■ SUPPLIED DATA:
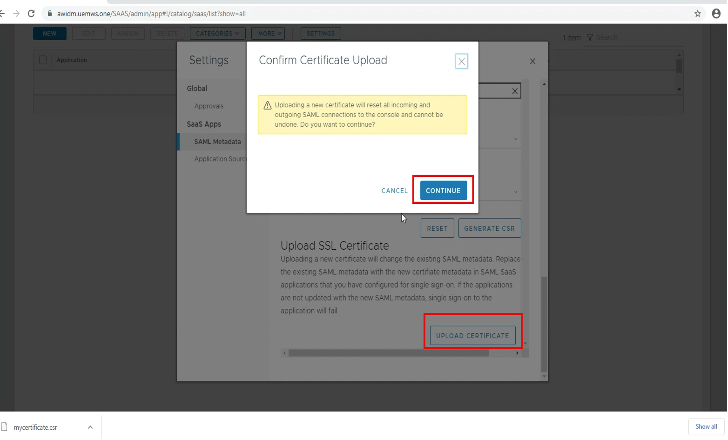 1. – Login into WS1 Access admin console as a root account, and navigate to Catalog > WebApps > Settings > SAML Metadata and Select Upload Certificate from the CA authority and Continue on Confirm page.
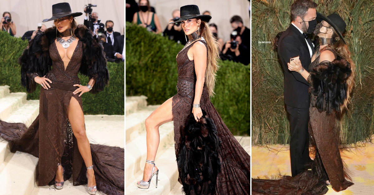 52-годишната модна икона шармираше пред музејот на уметноста „Метрополитен“ облечена во долг вестерн фустан со длабоко деколте и наметка од вештачко крзно од Ралф Лорен. Винтиџ модните додатоци, кои го комплетираа изгледот на Лопез, исто така се од архивата на американската модна куќа.
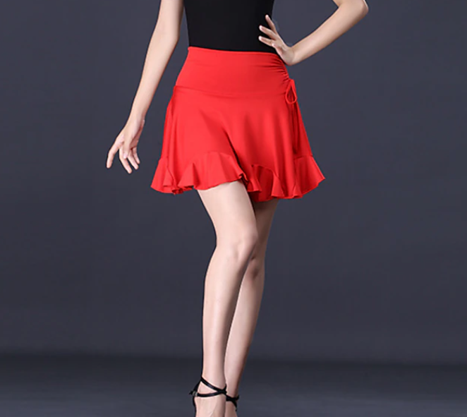 Die kaskadierenden Rüschen verleihen Ihren Bewegungen einen dynamischen Fluss und machen ihn perfekt für lateinamerikanischen Tanz, Salsa oder Gesellschaftstanz. Mit einem Kordelzug an der Seite für eine anpassbare Passform ist dieser Rock sowohl funktional als auch schmeichelhaft für Tänzer aller Größen. Der Rhythmic Ruffle Dance Rock ist in klassischem Schwarz und leuchtendem Rot erhältlich und ist damit eine vielseitige Ergänzung Ihrer Tanzgarderobe.
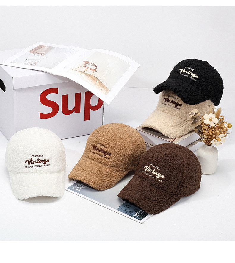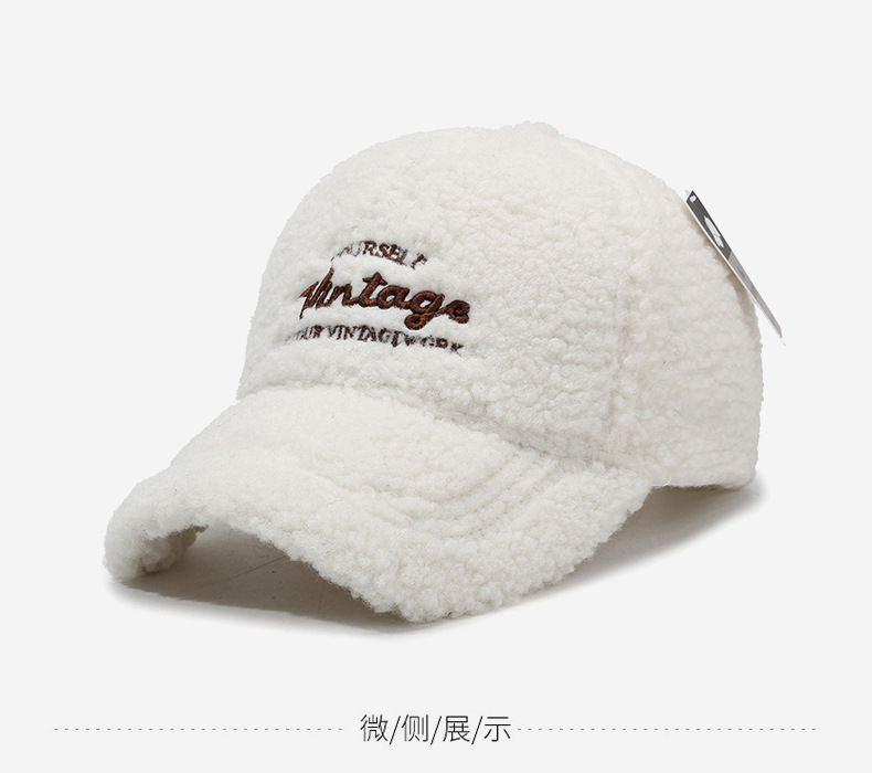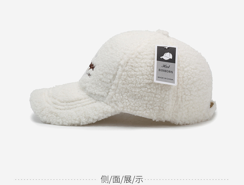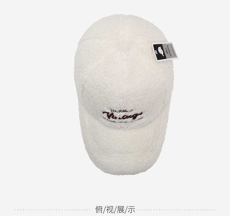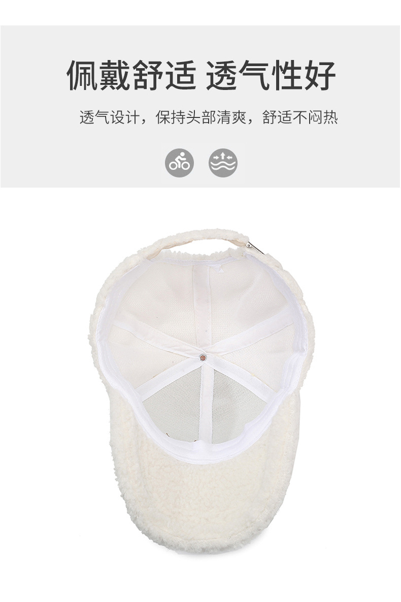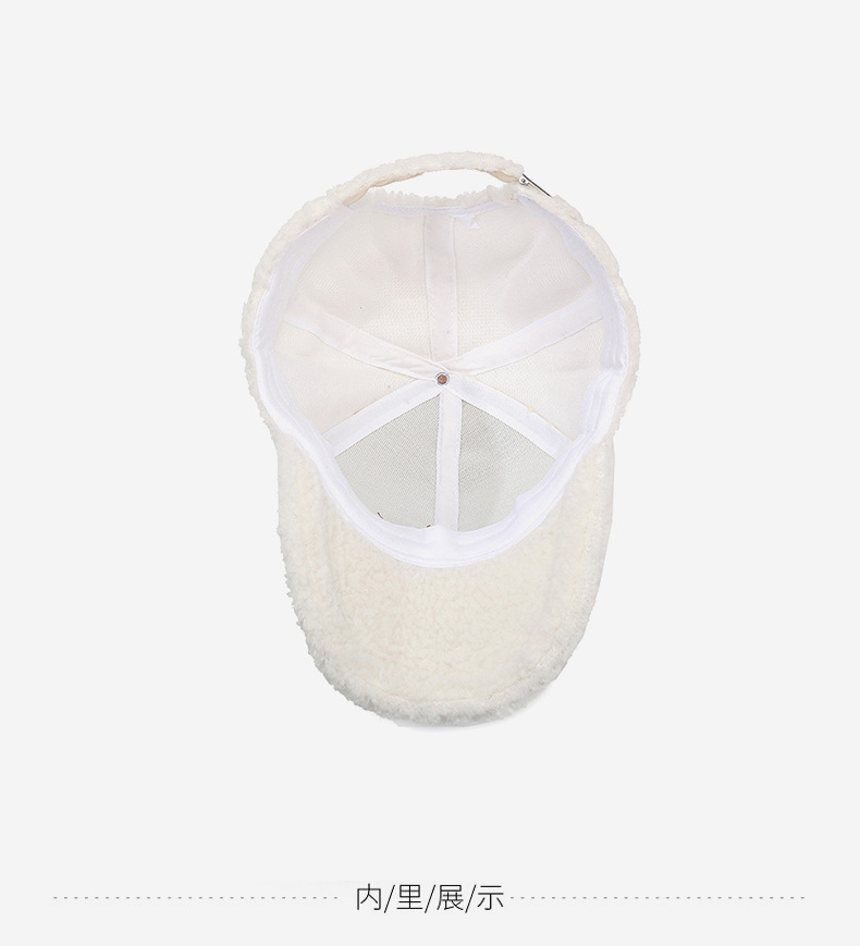 秋冬厚く暖かいラムウール野球帽韓国風トレンディな顔小刺繍ひさしキャップテディベルベット暖かい女性の帽子

■ TASK STATEMENT: Would you copy out the material above exactly, without the pictures in it?

■ ANSWER BELOW:
 1. – Login into WS1 Access admin console as a root account, and navigate to Catalog > WebApps > Settings > SAML Metadata and Select Upload Certificate from the CA authority and Continue on Confirm page.
 52-годишната модна икона шармираше пред музејот на уметноста „Метрополитен“ облечена во долг вестерн фустан со длабоко деколте и наметка од вештачко крзно од Ралф Лорен. Винтиџ модните додатоци, кои го комплетираа изгледот на Лопез, исто така се од архивата на американската модна куќа.
 Die kaskadierenden Rüschen verleihen Ihren Bewegungen einen dynamischen Fluss und machen ihn perfekt für lateinamerikanischen Tanz, Salsa oder Gesellschaftstanz. Mit einem Kordelzug an der Seite für eine anpassbare Passform ist dieser Rock sowohl funktional als auch schmeichelhaft für Tänzer aller Größen. Der Rhythmic Ruffle Dance Rock ist in klassischem Schwarz und leuchtendem Rot erhältlich und ist damit eine vielseitige Ergänzung Ihrer Tanzgarderobe.
 秋冬厚く暖かいラムウール野球帽韓国風トレンディな顔小刺繍ひさしキャップテディベルベット暖かい女性の帽子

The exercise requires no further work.